Notice that your local folder of the <user-name>.github.io doesn’t have many files in it prior to building the website:



Click on the Build Website button to render the site:



You should see a window of the rendered website (sometimes it shows up in the pop up windown and sometimes it doesn’t, but don’t worry just yet):



If you have properly setup the publishDir in the config.toml file, you should now see many files in your local <user-name>.github.io folder:



GitHub defaults to using Jekyll with website content, and this needs to be disabled since blogdown sites are built with Hugo. To disable this, include an empty file named .nojekyll in your GitHub repo <user-name>.github.io.
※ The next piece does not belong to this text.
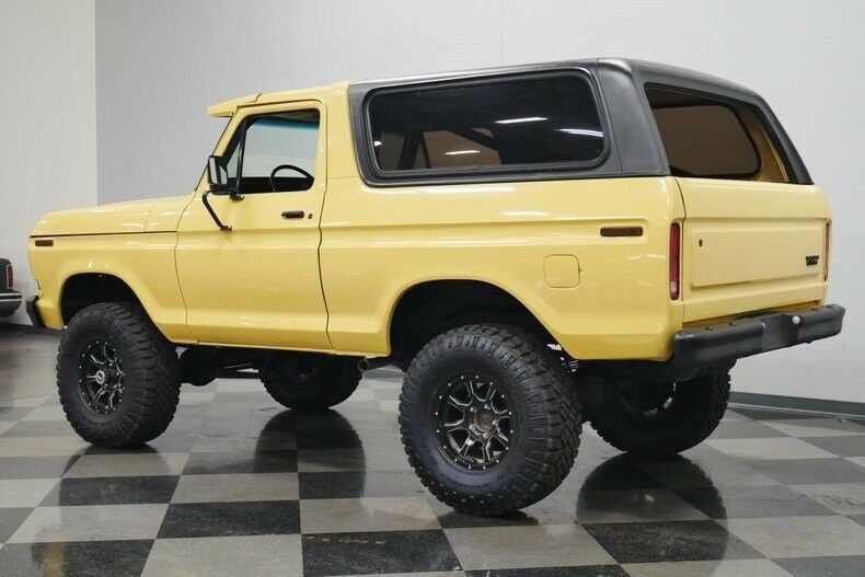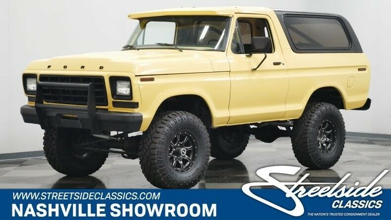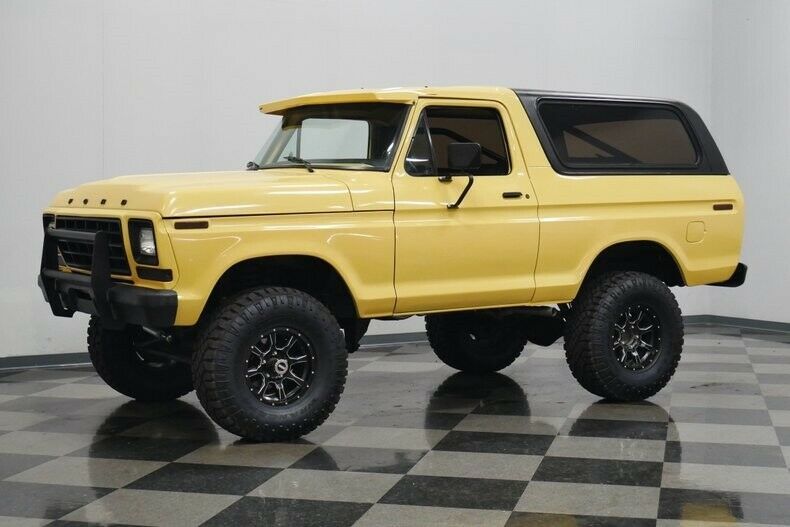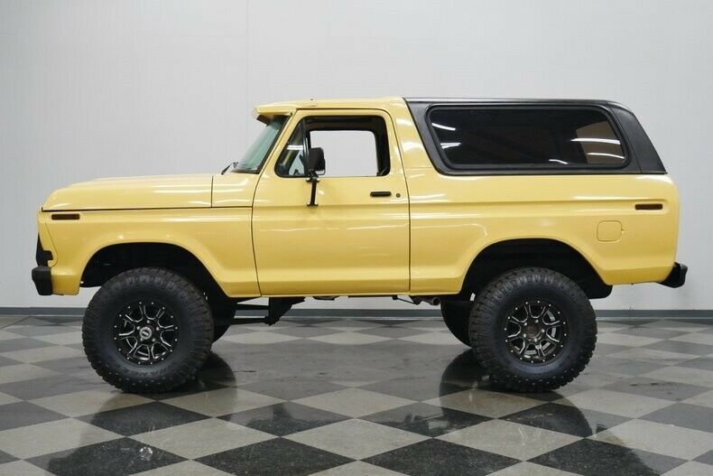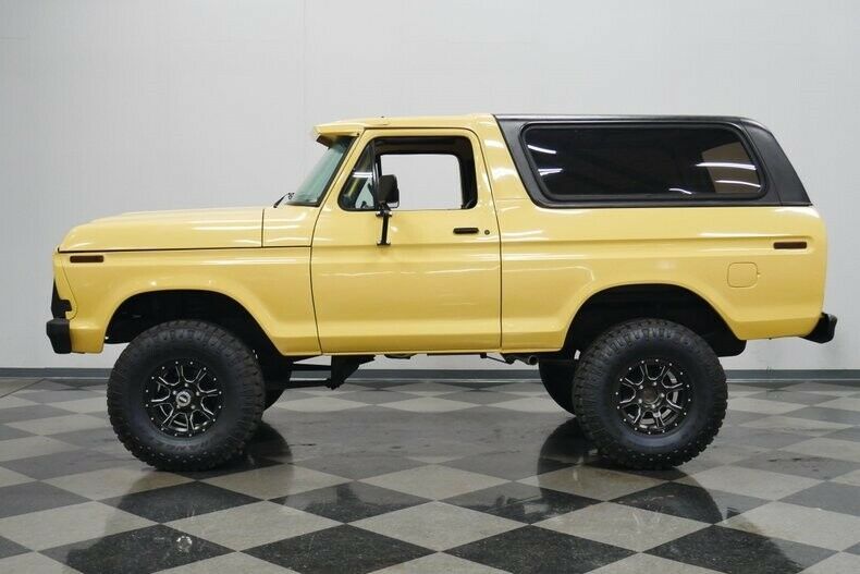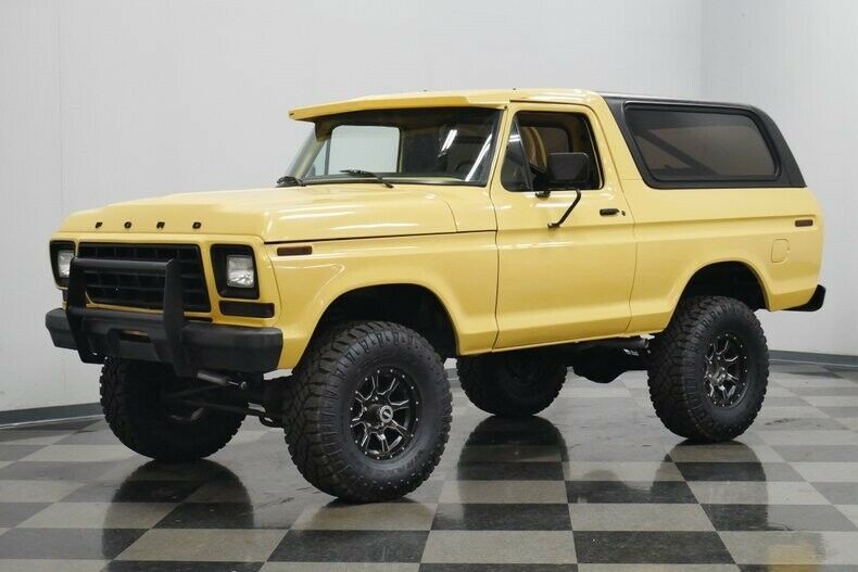 This 1978 Ford Bronco is about size, V8 power, 4x4 ability, and an overall upgraded presence. It all makes for an SUV that's both unmistakably vintage and capable. The second-generation Bronco is where Ford really turned it up a notch. Larger styling, larger engines, and just an overall larger presence. So when it debuted for 1978, it was an instant legend. We really like to see one like this that has been upgraded while still harmonizing with the classic 4x4 style. For example, the color theme is a full custom setup with a glossy Desert Tan for the body and a full blackout accessory setup for an almost two-tone look. This darkness shows off pieces like the special grille that was only around for two years, the wide bumpers, and the removable hardtop. The black also helps integrate beefy off-road upgrades like the front brush guard and 16-inch wheels that hold new Goodyear Duratrac tires. It's a quality total look that reminds us that beauty and brawn can coexist. The interior continues the mix of black and yellow. You have nice features like a new set of low-back front bucket seats, and the rear bench coordinates while also having a comfy cloth insert. As a full-size vehicle, there's plenty of room for all your gear. The key-operated power rear window gives you a tailgate that you can sit on everywhere from ball games to the campsite. And the removable rear hardtop delivers a convertible-like feeling whenever you want. In fact, this one was made for the outdoor lifestyle. That's why you have upgrades like the rugged liner paint on the floor and an added rear roll bar. While the previous generation Bronco stopped at Ford's 302 V8, the second-gen means proper 351 cubic inches of power. This is the kind of motor that loves upgrades, and so they invested in extra muscle with an Edelbrock four-barrel carburetor, Weiand intake, and long tube headers. And the dual exhaust and Xlerator mufflers are new. So you have a strong-running motor that has a great V8 sound. A two-speed 4x4 transfer case, beefy axles, and deep tread on the tires mean this powerful classic can still take you deep into the wilderness. But it also has features like a three-speed automatic transmission, power steering, and power front disc brakes to make it a fine choice for in-town, too. The second-generation Bronco was already distinctive for only being available for two years, and this one added to the individual spirit while also adding power, too. That's why you know this 4x4 will be leaving us soon. Call today!!! |

You can do so within RStudio by opening a text file:



Click on the save button:



Save as .nojekyll in the root of your local repo:



You might not notice the .nojekyll file show up in RStudio, but you should be able to see it in you file explorer:



We now need to commit these changes and push them to GitHub. Check all the boxes in the Staged column:



Click on commit:



Enter a commit message and click on Commit:



If everything worked, you should see a window like this:



Click on Push which will then prompt you for your username and password:







If everything worked, you should see a window like this:



Head over to the remote repo. You should see your most recent commit message. Click on Settings:



Scroll down. You should see that your site is now published. Be sure to check the Enforce HTTPS box. Read more about HTTPS here. GitHub now support HTTPS for custom domain names and <user-name>.github.io subdomains.



Head over to https://<user-name>.github.io and see your website in action!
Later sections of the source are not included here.